Obstetric Unit, Department of Medical and Surgical Sciences, Sant'Orsola-Malpighi Polyclinic, University of Bologna, Bologna, Italy.
Paediatric Cardiology and Adult Congenital Unit, Department of Cardiac, Thoracic and Vascular Sciences, Sant'Orsola-Malpighi Polyclinic, University of Bologna, Bologna, Italy.
Am J Obstet Gynecol MFM. 2020 Nov;2(4):100207. doi: 10.1016/j.ajogmf.2020.100207. Epub 2020 Aug 15.
The prenatal diagnosis of an isolated congenital heart defect is a matter of concern for parents. The decision of whether to terminate the pregnancy according to the different types of congenital heart defects has not been investigated yet.
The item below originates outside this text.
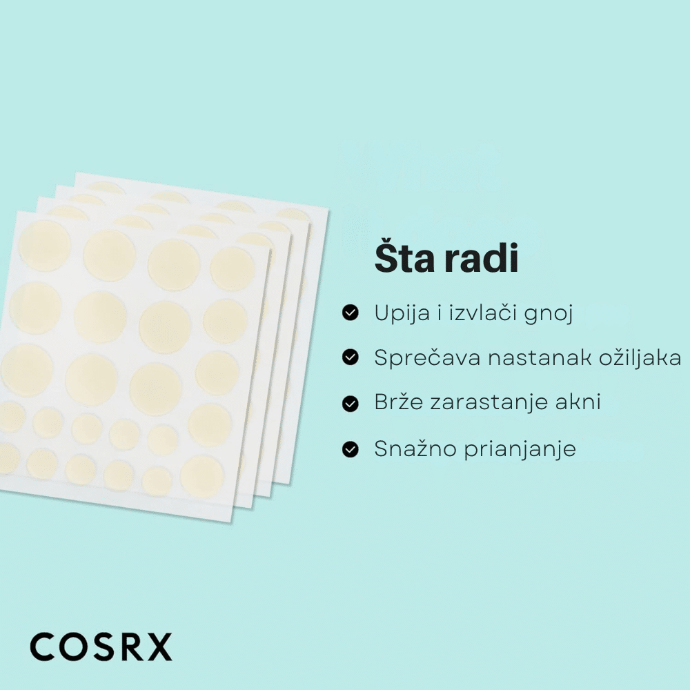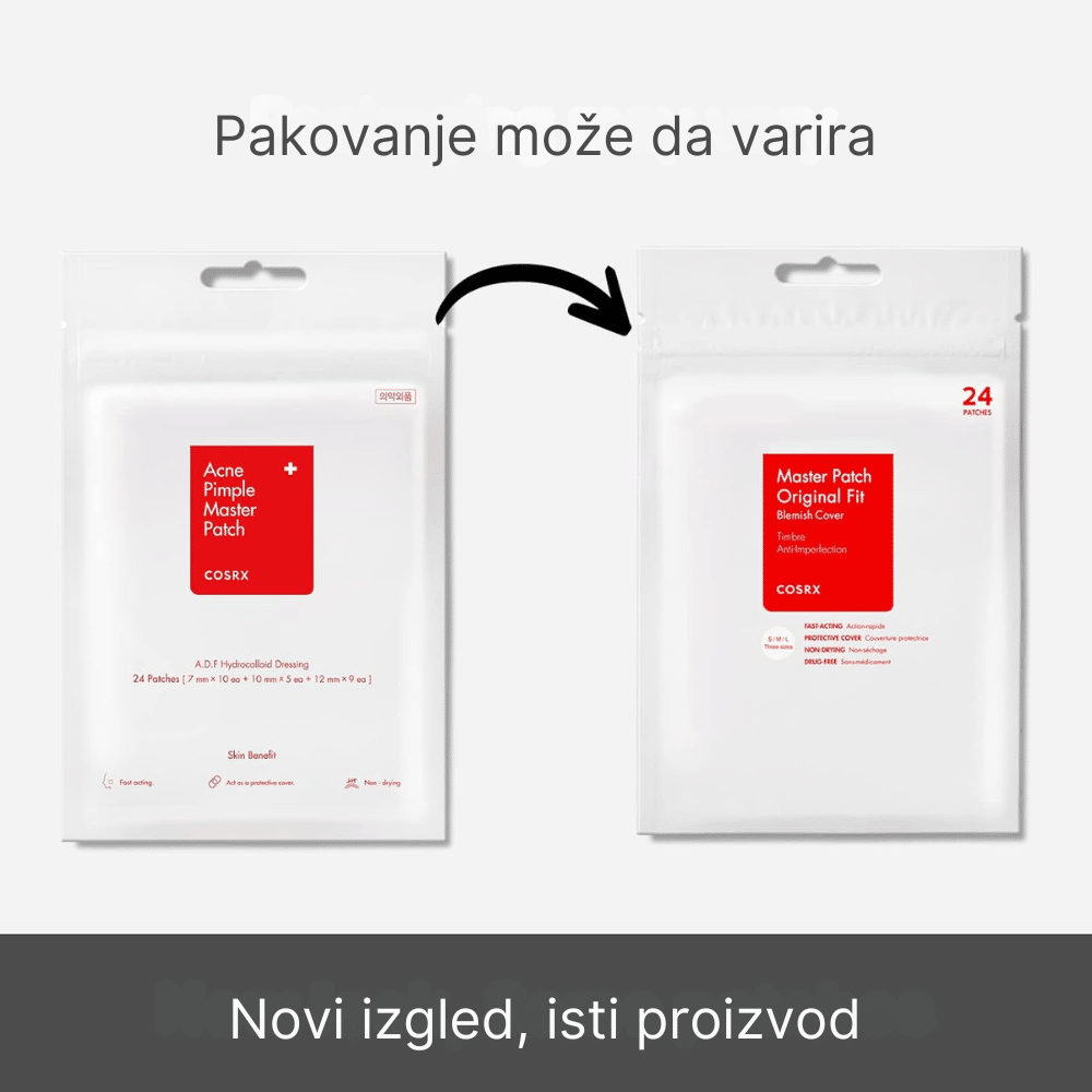 COSRX Acne Pimple Master Patch (Original Fit) predstavlja klasičan paket hidrokoloidnih flastera u tri dimenzije: male, srednje i velike tačkice. Dizajnirani su da brzo upiju tečnost i nečistoće iz upalnih procesa, smanje upalu i zaštite kožu od daljeg iritacije. Flasteri ostaju neprimetni na koži i pogodni su za nošenje tokom dana ili pod šminkom.

This study aimed to evaluate the frequency of voluntary termination of pregnancy after the prenatal diagnosis of a congenital heart defect in a tertiary care center.
This was a retrospective study of patients who were referred to our center from January 2013 to December 2019, underwent fetal echocardiography, and were counseled by a perinatologist and a pediatric cardiologist. The following data were collected: prenatal diagnosis, including genetic testing; gestational age at diagnosis; and outcome of pregnancy. The diagnoses were stratified retrospectively according to the type of congenital heart defect and its severity (low complexity, moderate complexity, and high complexity) by a perinatologist and a pediatric cardiologist.
Of 704 women who received a diagnosis of fetal congenital heart defect, 531 (75.4%) were seen before 23 weeks' gestation, which is the upper limit imposed for the termination of pregnancy by the Italian legislation. Congenital heart defects were apparently isolated in 437 of 531 cases (82.3%). Overall, 108 of 531 patients (20.3%) requested a termination of pregnancy. The rate of termination of pregnancy was found to vary according to the severity of congenital heart defects: low complexity, 0%; moderate complexity, 12.1%, and high complexity, 33.2% (P<.001). The presence or absence of associated anomalies or the ethnicity of the couples was not found to have an influence on women's decisions.
In our population, the decision to terminate a pregnancy after the diagnosis of a fetal congenital heart defect is influenced by the surgical complexity of the congenital heart defect itself. However, most patients, including those with the most severe forms of congenital heart defect, decided to continue the pregnancy.
产前诊断出孤立性先天性心脏病会令父母担忧。对于不同类型的先天性心脏病,是否应根据其类型选择终止妊娠,目前尚未进行相关研究。
本研究旨在评估在三级医疗中心对先天性心脏病进行产前诊断后,自愿终止妊娠的频率。
这是一项回顾性研究,纳入了 2013 年 1 月至 2019 年 12 月期间在我院就诊的、经胎儿超声心动图检查、并由围产医生和儿科心脏病专家进行咨询的患者。收集的数据包括:产前诊断,包括基因检测;诊断时的孕周;妊娠结局。产前诊断由一名围产医生和一名儿科心脏病专家根据先天性心脏病的类型及其严重程度(低复杂性、中复杂性和高复杂性)进行回顾性分层。
在 704 名被诊断为胎儿先天性心脏病的女性中,531 名(75.4%)在 23 孕周之前就诊,这是意大利立法规定的终止妊娠的上限。在 531 例先天性心脏病患者中,437 例(82.3%)表现为孤立性先天性心脏病。总体而言,531 例患者中有 108 例(20.3%)要求终止妊娠。终止妊娠的比率随先天性心脏病严重程度的不同而有所差异:低复杂性为 0%;中复杂性为 12.1%;高复杂性为 33.2%(P<.001)。是否存在相关畸形或夫妇的种族并未发现对女性的决策有影响。
在我们的人群中,终止妊娠的决定取决于先天性心脏病本身的手术复杂性。然而,大多数患者,包括患有最严重先天性心脏病的患者,决定继续妊娠。